Instructions to follow: Set down only these lines, exactly: the line containing "Teddy Bears and Parrots Coloring Book" and all lines through the end of the data below. Omit pictures.

Data below:
[Start of Attachment]
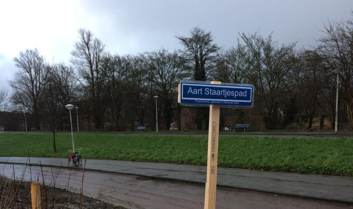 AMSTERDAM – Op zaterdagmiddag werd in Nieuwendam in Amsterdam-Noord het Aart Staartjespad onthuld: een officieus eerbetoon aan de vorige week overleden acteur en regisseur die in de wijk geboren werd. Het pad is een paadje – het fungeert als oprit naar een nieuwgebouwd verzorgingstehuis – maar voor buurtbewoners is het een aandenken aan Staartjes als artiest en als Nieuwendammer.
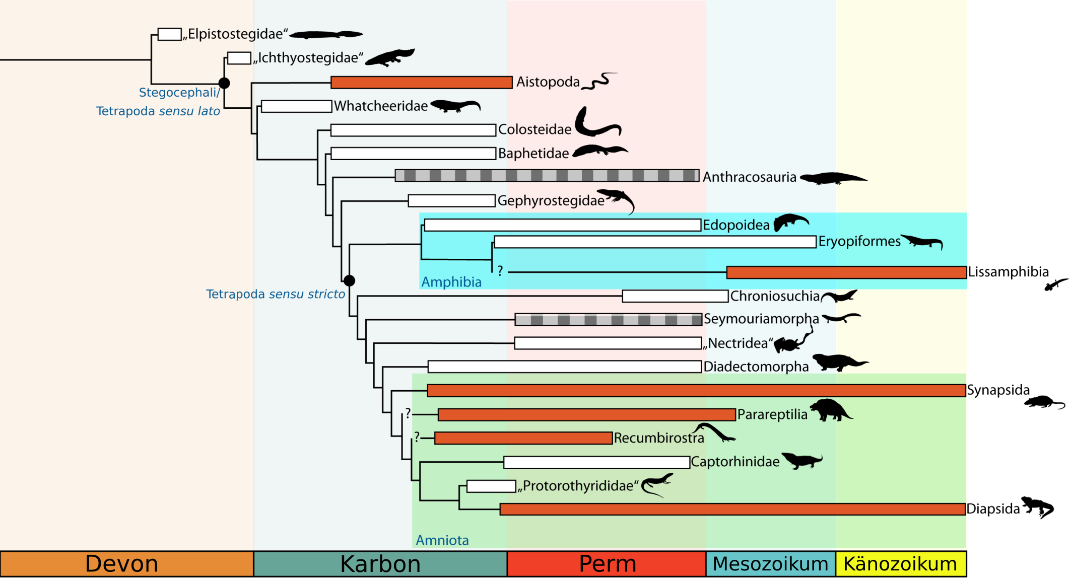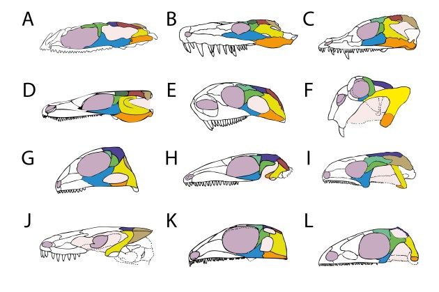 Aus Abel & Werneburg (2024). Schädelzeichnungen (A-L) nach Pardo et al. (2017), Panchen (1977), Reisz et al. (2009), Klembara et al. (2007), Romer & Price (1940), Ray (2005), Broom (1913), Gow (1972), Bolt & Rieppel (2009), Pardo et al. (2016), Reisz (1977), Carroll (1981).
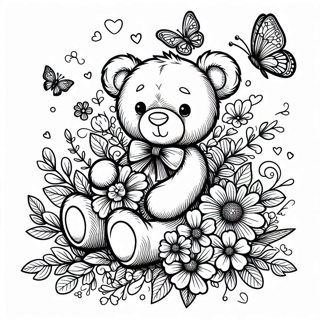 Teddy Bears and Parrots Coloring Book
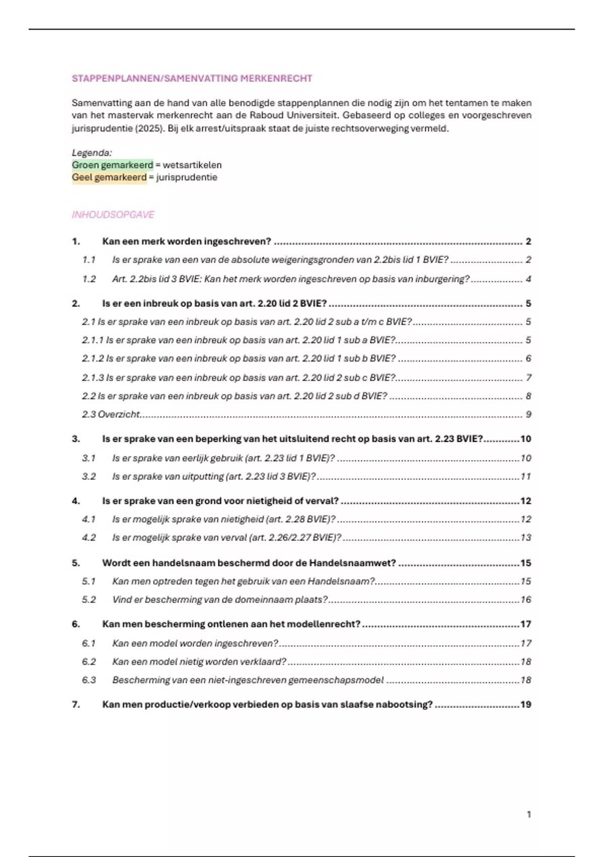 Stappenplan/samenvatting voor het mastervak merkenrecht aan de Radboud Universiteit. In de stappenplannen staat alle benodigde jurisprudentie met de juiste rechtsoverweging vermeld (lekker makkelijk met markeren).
[End of Attachment]
Solved exercise:
 Teddy Bears and Parrots Coloring Book
 Stappenplan/samenvatting voor het mastervak merkenrecht aan de Radboud Universiteit. In de stappenplannen staat alle benodigde jurisprudentie met de juiste rechtsoverweging vermeld (lekker makkelijk met markeren).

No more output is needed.